Because of the explosion of scientific literature, this is going to be an ongoing problem for most users like myself. Any Google Scholar search these days throws up dozens of relevant articles, not just one or two, many of which may already be in the user's database. Over years one just cannot remember, so one downloads just in case. Preferably at the time of the search any manager needs to 1) check if an article already exists in the user's database and ideally, inhibit downloading the same file and 2) check if there exist annotations and flag that. So I guess this is a wishlist.
Meanwhile, Zotero has gone ToZero. To try to become operational again, I have acted to remove the duplicates in my list of files and need to start again, dragging my files into a new database. But it is not clear to me how I do that and Zotero storage is relatively expensive. Some more details about the options available in the sync dialog box would be helpful. Thanks much.
You asked about starting from scratch, so that seems like we're were we'd want to be.
I mean I have no functionality.
I need to understand the dialog boxes
Zotero issue: How do I tell if my Zotero Cloud holding is in fact complete? How do I tell how many pdfs are up there to compare with what shows on my macbook? I've submitted support queries, and received a deafening silence. Can I get a summary comparison of what Zotero thinks is in the cloud and on my MacBook?
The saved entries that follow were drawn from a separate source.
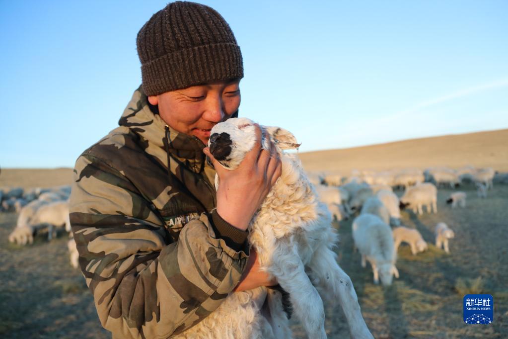 春日暖陽(yáng)下,朝克漫步在羊群中,看到新生的羊羔便彎腰查看。這里是錫林郭勒,這里是春天的草原,人與自然和諧共生的“春日牧歌”在此奏響。
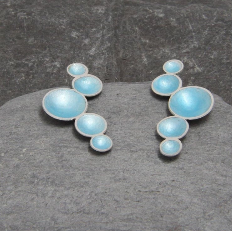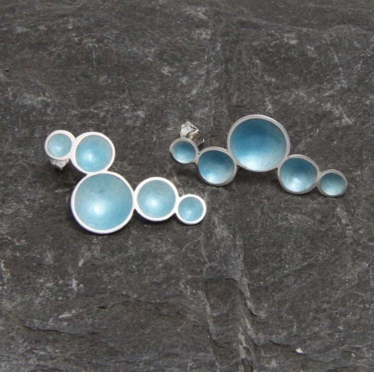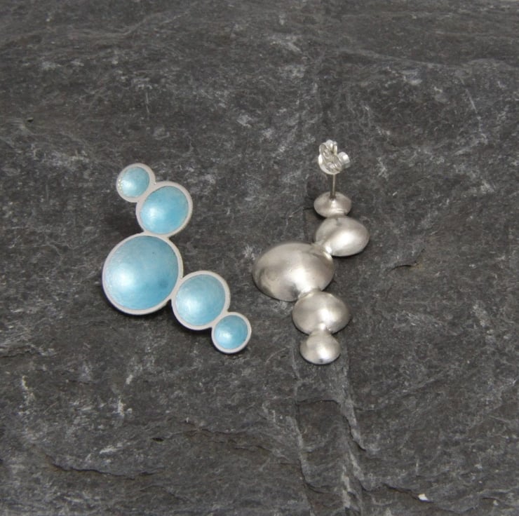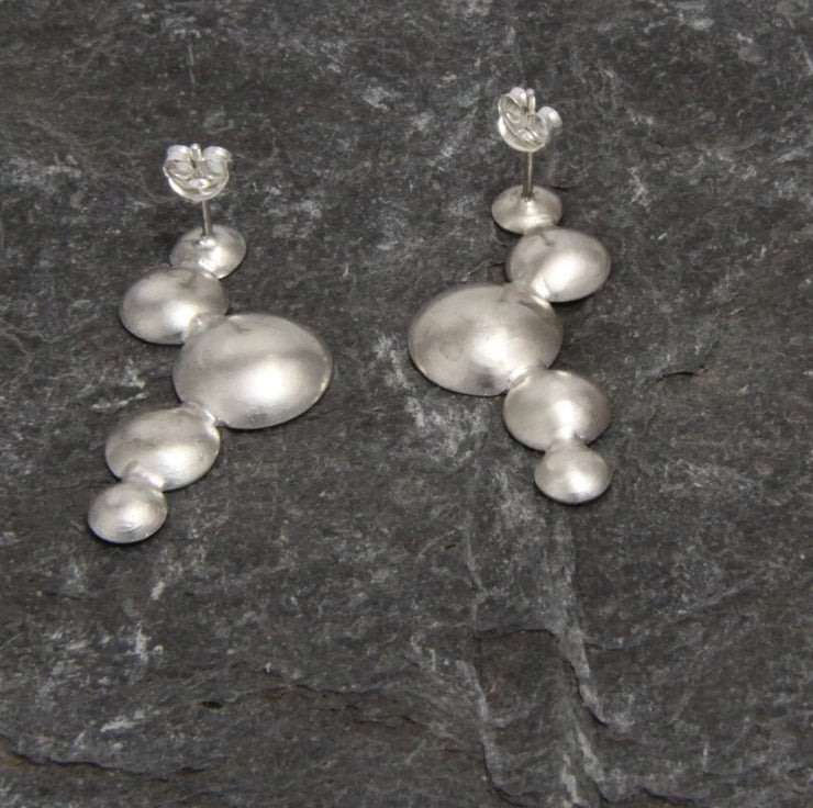 Each earring is formed of 5 discs of Sterling Silver that have all been shaped to form a cup. They are soldered together at differing angles to represent the flow of the water, which is never regular! The total earring length is aprox 3.6cm and at it's widest point, the earring is 1.5cm. The earrings attach to the ear via a Sterling Silver ear post on the back, fixed with a scroll back.
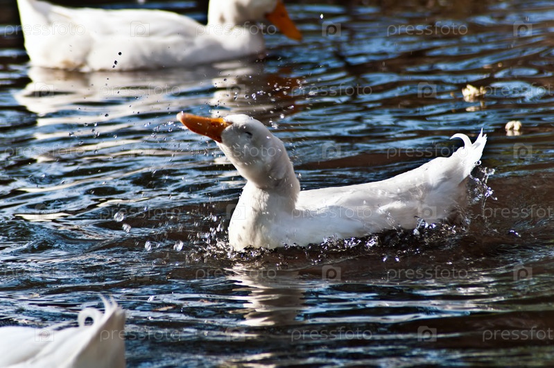 Белая утка плещется в воде
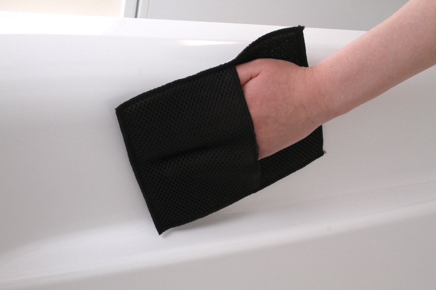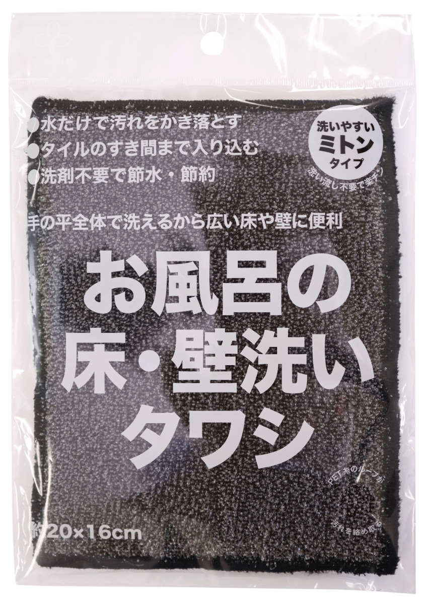 手にはめて使えるミトンタイプで、広い壁や床だけでなく、細かいところも洗いやすいのが特徴です。便利な吊りヒモ付き。
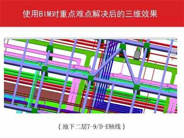 BIM突破了二维图纸的限制,直观的反应施工所要达到的效果,有效的弥补了二维图纸的不足。但是在实际施工当中,并没有达到百分百与模型契合,存在一定的不足。原因在于,一方面受交叉施工工序影响,没有完整的工作面来实现模型;一方面受其他专业变更影响,例如土建二次墙体更改会影响机电管线路由走向。这些问题往往在BIM深化中考虑的较少,这也是我们下一步拓展工作的重点。
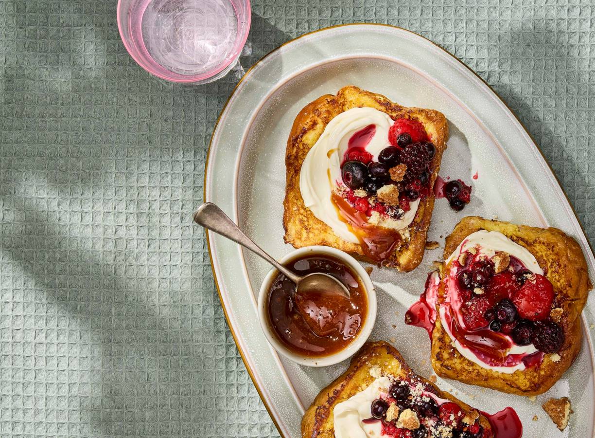 Cheesecake-wentelteefjes met zomerfruit en stroop (advertorial)
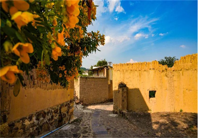 村莊的土掌房、蘑菇房等各具特色的房屋建筑沐浴在暖陽(yáng)下,和清新春色構(gòu)成一幅靚麗的春景圖。它們靜靜等著遠(yuǎn)方的客人走入村莊,留下串串腳印。
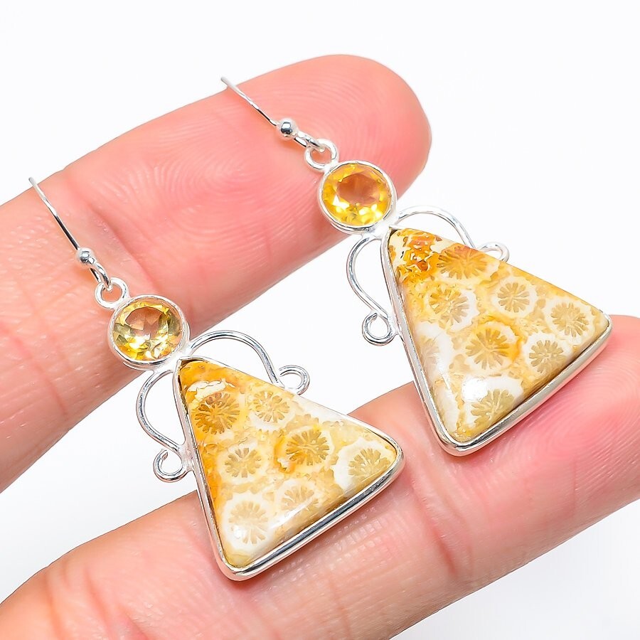 Natural Fossil"Coral 925 Silver Anniversary Dangle Daughter Hook Unique Earrings
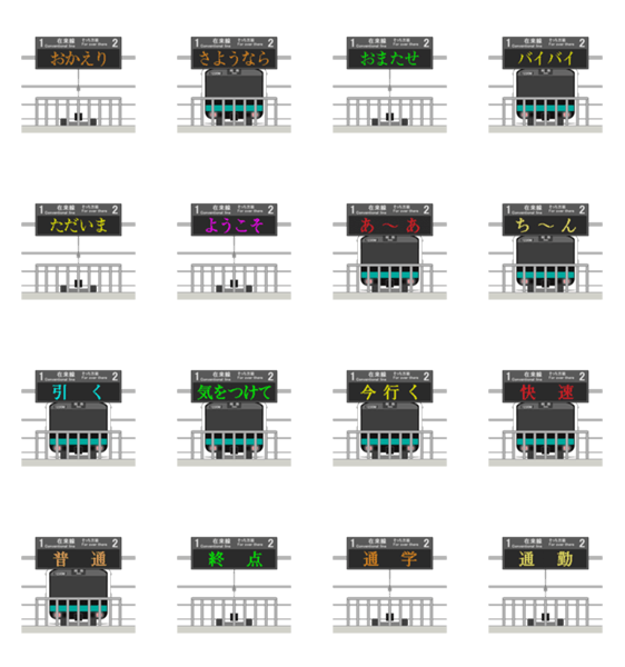 鉄道の駅に出入りする列車のアニメーションです。電光掲示板にメッセージを表示させます。
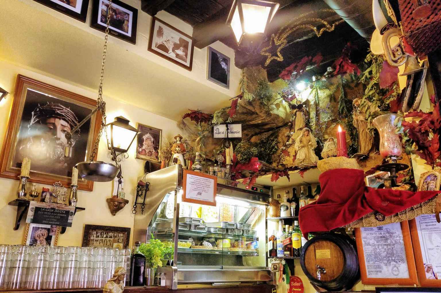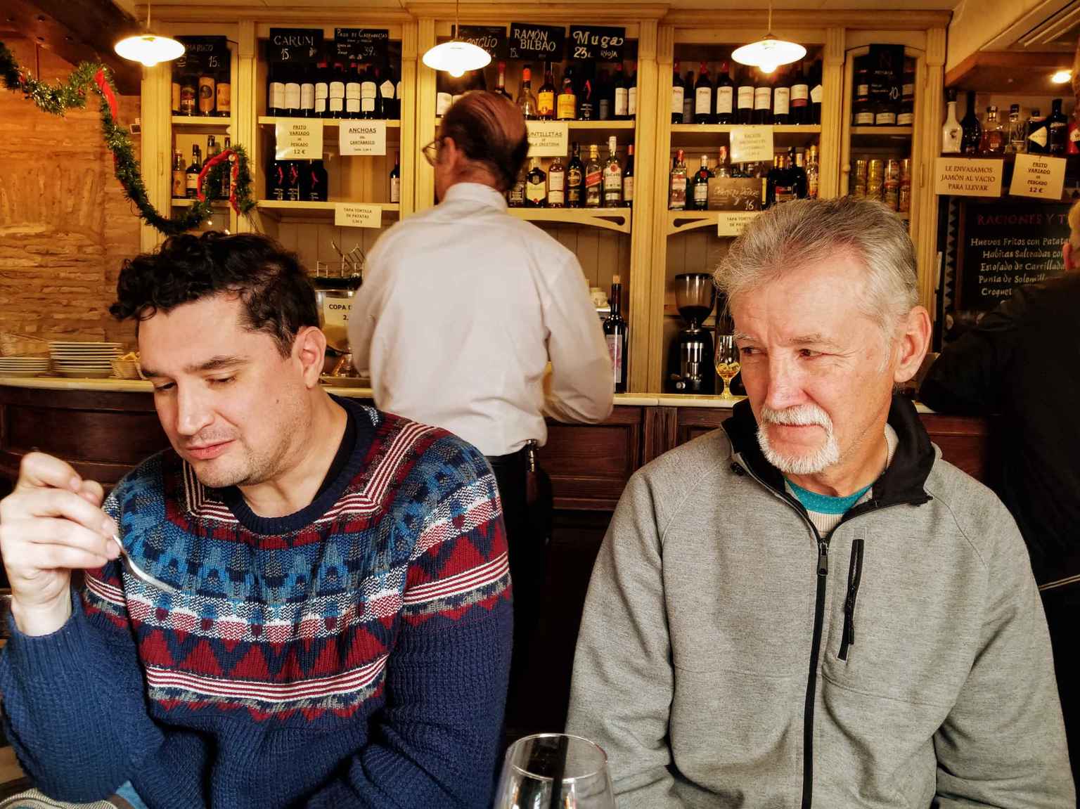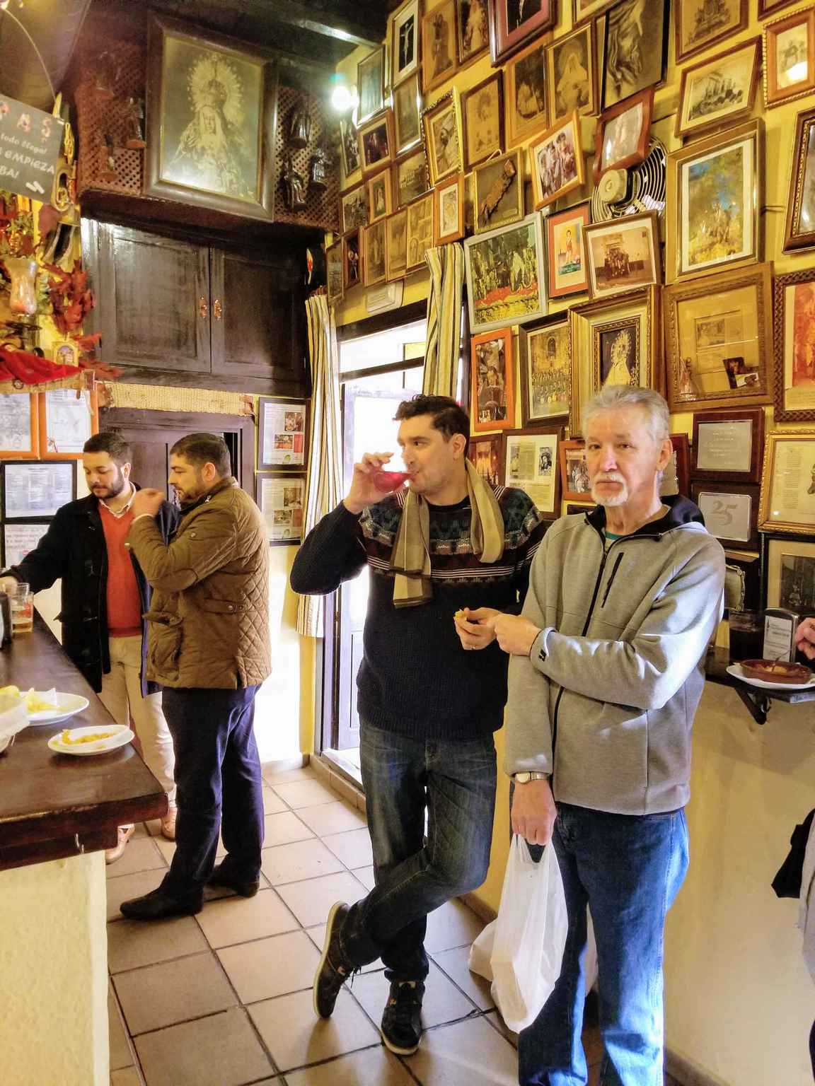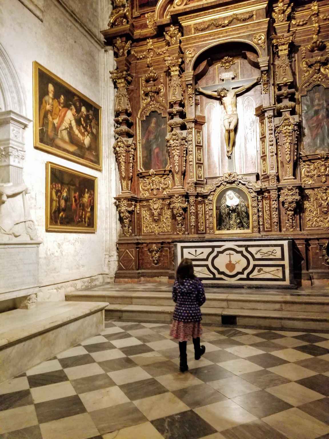We started our trip with Christmas Eve in Seville. Jen booked us into a four-hour food tour for our first morning. Although everyone tried to be a good sport, there was some not so great food and a bit of boredom, especially for the kiddo … and Grandpa. Our tour included a stop at La Fresquita a “Semana Santa” bar full of religious iconography celebrating Holy Week. The kid didn’t understand why we were surrounded by paintings of people wearing crowns of thorns and crying blood. Grandma’s explanations didn’t seem to resolve her questions. Apparently her “world views” religion class at JFKS is not preparing her for this stuff.

I even uninstalled and reinstalled PaperShip and downloaded the lot as second time. It seems from the comments online that Papership has been orphaned. I wish I'd known that before paying so much for Zotero.
Zotero MUST have a large number of loyal users using iPads (in my case with top memory). So what does Zotero recommend as a Papership replacement for reading, annotating and resyncing with MacBook? Thanks much.
papership isn't actively developed or even supported anymore, so I'd be wary of it.
You can't easily compare local vs. cloud Zotero storage. The assumption should be that all your files are synced, though, and they normally are if you're not receiving sync errors.
You can test whether individual files are only by checking if you can open them through.